# Smoked Pork Loin



## OldCootHillbilly (Jul 9, 2010)

I smoked up over 30 pounds a boneless pork loin. Tastey stuff. I got it all sliced taday, mosta it thin fer sammies, some thicker fer breakfest an all them little leftover bits an pieces don't gota waste. I pack them up an add em ta a nice cheddar cheese soup!

So here it all be:



When yer slicin that much stuff, the commercial slicer be a bitta heaven!


----------



## bacpacker (Jul 15, 2011)

What time is supper Coot? That looks nice!


----------



## Sentry18 (Aug 5, 2012)

You're killing me Coot. You're killing me.


----------



## 21601mom (Jan 15, 2013)

I'll second Sentry's comment!

I've been looking at food slicers and wonder what size of blade is on your slicer. A 7" from Chef's Choice has been well-reviewed and is within my budget, but I want to be sure that will be big enough for a 8-10 lb roast. Thanks in advance for your thoughts!


----------



## OldCootHillbilly (Jul 9, 2010)

I gotta 60 plus year old commercial slicer. It's gotta 10 inch blade on it. I ain't never had no luck with the smaller home models. Sorry, I can't recommend one ta ya. Folks on the smokin forum I belong ta don't seem ta have great luck with em either.

Shop round a bit, sometimes ya can pick up a older commercial unit fer just a bit more en the home models. Good luck.


----------



## 21601mom (Jan 15, 2013)

OldCootHillbilly said:


> I gotta 60 plus year old commercial slicer. It's gotta 10 inch blade on it. I ain't never had no luck with the smaller home models. Sorry, I can't recommend one ta ya. Folks on the smokin forum I belong ta don't seem ta have great luck with em either.
> 
> Shop round a bit, sometimes ya can pick up a older commercial unit fer just a bit more en the home models. Good luck.

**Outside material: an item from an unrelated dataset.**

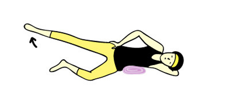 2.在骨盆不动的情况下,上方的脚往稍微偏后的方向慢慢抬高,并维持5秒钟。

Thanks so much for the advise!!

Your advise (spring 2013) on the dehydrator and jar seals was so helpful; I've been running my dehydrator every weekend since spring time! Most of this is stored, but my family can't keep their hands off the jerky. I'm sure they would thank you too!


----------



## OldCootHillbilly (Jul 9, 2010)

Glad ta hep whenever I can.


----------



## timmie (Jan 14, 2012)

OldCootHillbilly said:


> I smoked up over 30 pounds a boneless pork loin. Tastey stuff. I got it all sliced taday, mosta it thin fer sammies, some thicker fer breakfest an all them little leftover bits an pieces don't gota waste. I pack them up an add em ta a nice cheddar cheese soup!
> 
> So here it all be:
> 
> ...


so are you canning or freezing?


----------



## OldCootHillbilly (Jul 9, 2010)

Freeze. Be fer lunch's an breakfest. Ifin I can pork I smoke some butts then can. Next batch I do I'll post it up.


----------